Foxconn has slowly been working towards automating its manufacturing process for years now, having previously set a benchmark of 30% automation at its Chinese factories by 2020, said The Verge. The company said that it has already deployed at least 40,000 Foxbots at factories located in China, and in March, it said that it had eliminated 60,000 human jobs at one of its facilities.

Ten production lines are already fully automated, company says

While, as The Verge pointed out, robotic labor is cheaper than human workers in the long run, the up-front costs can be expensive, and it can be difficult and time-consuming to program these machines to perform a series of tasks, or to complete jobs they were not originally designed for. Also, the Chinese government offers companies incentives for using human workers.

However, the website said, Foxconn “understands it will have to transition to automation” in order “to stay competitive.” In addition to developing robots for labor, company officials report that they are developing machines that will provide medical care. However, they recognize that robots will not be able to completely replace human workers, because people are flexible enough to quickly switch from one task to another without needing extensive reprogramming.
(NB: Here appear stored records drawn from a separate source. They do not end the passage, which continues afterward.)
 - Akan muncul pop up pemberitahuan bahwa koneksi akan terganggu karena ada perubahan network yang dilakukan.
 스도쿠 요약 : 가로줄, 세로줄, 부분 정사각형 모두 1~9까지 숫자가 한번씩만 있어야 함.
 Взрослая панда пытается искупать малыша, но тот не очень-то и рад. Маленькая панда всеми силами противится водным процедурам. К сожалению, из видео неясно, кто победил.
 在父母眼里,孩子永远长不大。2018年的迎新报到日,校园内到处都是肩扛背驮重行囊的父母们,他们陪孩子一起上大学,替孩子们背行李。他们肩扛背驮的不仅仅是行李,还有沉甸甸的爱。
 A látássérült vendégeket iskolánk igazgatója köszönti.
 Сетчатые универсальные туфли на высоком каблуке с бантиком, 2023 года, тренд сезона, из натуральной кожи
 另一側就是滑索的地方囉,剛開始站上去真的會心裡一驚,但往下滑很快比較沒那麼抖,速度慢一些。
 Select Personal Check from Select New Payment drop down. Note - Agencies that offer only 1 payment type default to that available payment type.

How far along is Foxconn’s plan? As Dai Jia-peng, general manager of the firm’s Automation Technology Development Committee, told Digital Times, factories in Chengdu, western China, Shenzhen, southern China, and Zhengzhou, northern China, have all already been brought to the second or third phases of the program. Furthermore, he said that there are 10 fully automated or “lights-out” production lines in factories located in Chengdu, Chongqing and Zhengzhou.
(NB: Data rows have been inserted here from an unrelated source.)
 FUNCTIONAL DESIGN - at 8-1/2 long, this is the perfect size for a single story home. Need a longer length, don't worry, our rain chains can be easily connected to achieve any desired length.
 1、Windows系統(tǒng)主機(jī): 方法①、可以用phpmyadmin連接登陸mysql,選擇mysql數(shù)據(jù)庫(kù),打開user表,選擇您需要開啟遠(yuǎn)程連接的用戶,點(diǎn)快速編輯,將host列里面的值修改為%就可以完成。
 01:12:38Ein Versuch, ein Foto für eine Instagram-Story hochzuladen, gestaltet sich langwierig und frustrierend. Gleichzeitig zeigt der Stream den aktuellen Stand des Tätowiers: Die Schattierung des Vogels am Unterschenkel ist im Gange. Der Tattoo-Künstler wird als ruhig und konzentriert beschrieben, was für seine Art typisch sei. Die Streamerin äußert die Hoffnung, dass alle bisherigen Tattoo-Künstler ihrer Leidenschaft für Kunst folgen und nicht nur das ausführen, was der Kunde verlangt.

While the loss of jobs is not good news for the Chinese work force, The Verge explained that there is “a central side effect to automation that would specifically benefit” Foxconn, which has in the past been linked to poor working conditions and an abnormally high rate of suicide among its employees. “By replacing humans with robots, Foxconn would relieve itself of any issues stemming from its treatment of workers without having to actually improve living and working conditions,” the website added. “But in doing so, it will ultimately end up putting hundreds of thousands, if not millions, of people out of work.”